What you should do: An unchanged copy of all the lines below is expected, and it should contain no pictures.

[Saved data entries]
_____
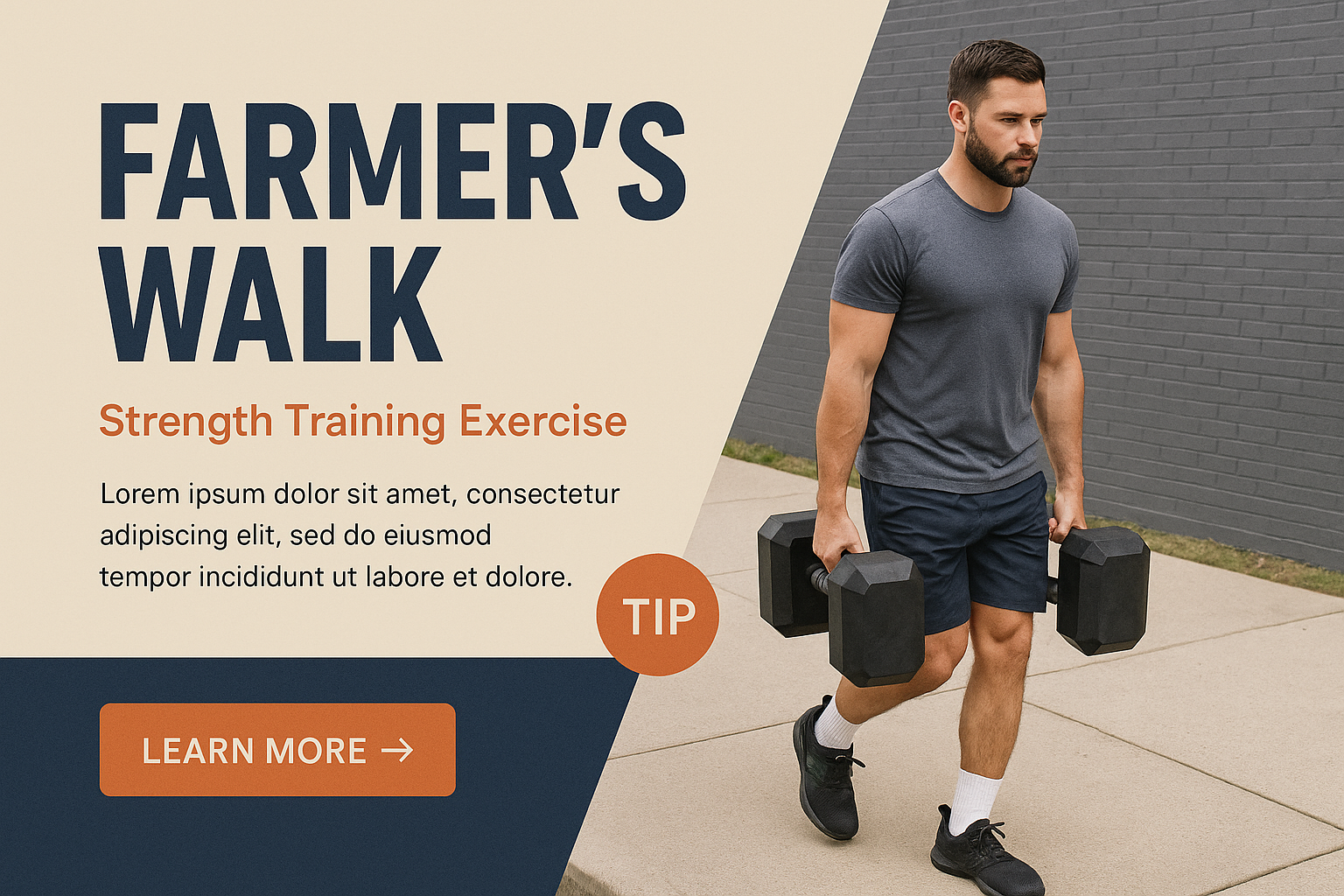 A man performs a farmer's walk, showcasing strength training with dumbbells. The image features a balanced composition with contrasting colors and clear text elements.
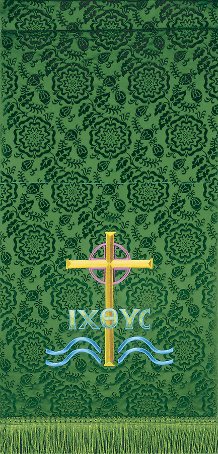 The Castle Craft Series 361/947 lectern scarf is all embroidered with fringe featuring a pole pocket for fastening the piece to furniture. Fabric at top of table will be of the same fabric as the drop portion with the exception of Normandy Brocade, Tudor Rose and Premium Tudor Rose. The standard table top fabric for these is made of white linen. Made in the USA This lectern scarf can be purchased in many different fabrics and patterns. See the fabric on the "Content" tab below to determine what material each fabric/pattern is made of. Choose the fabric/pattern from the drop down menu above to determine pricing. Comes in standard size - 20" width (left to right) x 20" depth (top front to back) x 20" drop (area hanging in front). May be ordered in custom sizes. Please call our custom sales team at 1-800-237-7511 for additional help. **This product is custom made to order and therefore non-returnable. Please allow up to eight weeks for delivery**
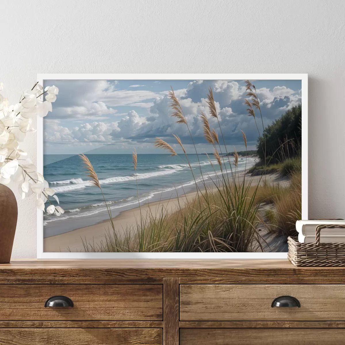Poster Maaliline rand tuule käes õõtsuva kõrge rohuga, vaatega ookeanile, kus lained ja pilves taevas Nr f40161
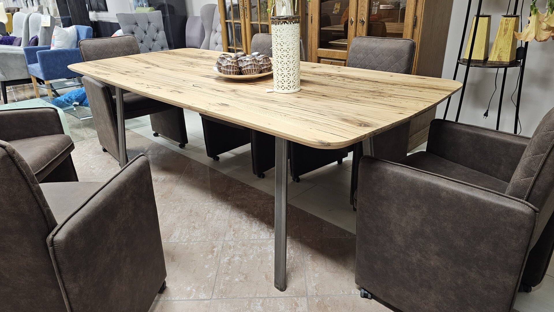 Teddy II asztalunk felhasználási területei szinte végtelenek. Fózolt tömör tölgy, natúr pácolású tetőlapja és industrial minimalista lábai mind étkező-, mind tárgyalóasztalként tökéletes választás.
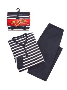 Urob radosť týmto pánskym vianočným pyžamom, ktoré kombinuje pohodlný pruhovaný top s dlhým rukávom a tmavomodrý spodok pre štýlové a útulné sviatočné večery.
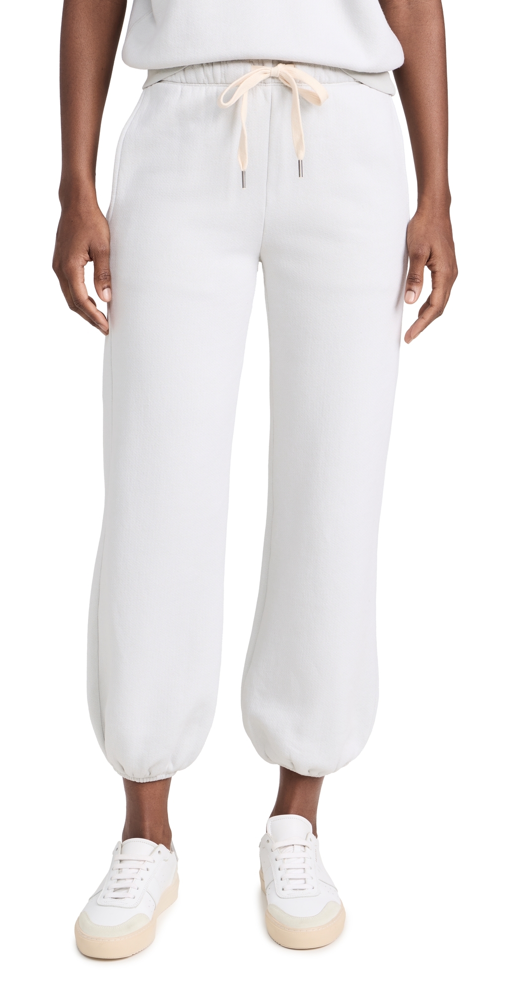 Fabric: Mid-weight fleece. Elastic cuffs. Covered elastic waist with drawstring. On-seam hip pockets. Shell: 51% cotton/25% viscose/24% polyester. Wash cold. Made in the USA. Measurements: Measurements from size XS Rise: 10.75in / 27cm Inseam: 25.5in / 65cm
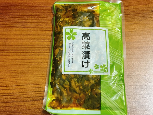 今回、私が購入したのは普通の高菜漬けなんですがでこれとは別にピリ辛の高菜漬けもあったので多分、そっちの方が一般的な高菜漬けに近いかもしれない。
_____
Answer space:
 A man performs a farmer's walk, showcasing strength training with dumbbells. The image features a balanced composition with contrasting colors and clear text elements.
 The Castle Craft Series 361/947 lectern scarf is all embroidered with fringe featuring a pole pocket for fastening the piece to furniture. Fabric at top of table will be of the same fabric as the drop portion with the exception of Normandy Brocade, Tudor Rose and Premium Tudor Rose. The standard table top fabric for these is made of white linen. Made in the USA This lectern scarf can be purchased in many different fabrics and patterns. See the fabric on the "Content" tab below to determine what material each fabric/pattern is made of. Choose the fabric/pattern from the drop down menu above to determine pricing. Comes in standard size - 20" width (left to right) x 20" depth (top front to back) x 20" drop (area hanging in front). May be ordered in custom sizes. Please call our custom sales team at 1-800-237-7511 for additional help. **This product is custom made to order and therefore non-returnable. Please allow up to eight weeks for delivery**
Poster Maaliline rand tuule käes õõtsuva kõrge rohuga, vaatega ookeanile, kus lained ja pilves taevas Nr f40161
 Teddy II asztalunk felhasználási területei szinte végtelenek. Fózolt tömör tölgy, natúr pácolású tetőlapja és industrial minimalista lábai mind étkező-, mind tárgyalóasztalként tökéletes választás.
 Urob radosť týmto pánskym vianočným pyžamom, ktoré kombinuje pohodlný pruhovaný top s dlhým rukávom a tmavomodrý spodok pre štýlové a útulné sviatočné večery.
 Fabric: Mid-weight fleece. Elastic cuffs. Covered elastic waist with drawstring. On-seam hip pockets. Shell: 51% cotton/25% viscose/24% polyester. Wash cold. Made in the USA. Measurements: Measurements from size XS Rise: 10.75in / 27cm Inseam: 25.5in / 65cm
 今回、私が購入したのは普通の高菜漬けなんですがでこれとは別にピリ辛の高菜漬けもあったので多分、そっちの方が一般的な高菜漬けに近いかもしれない。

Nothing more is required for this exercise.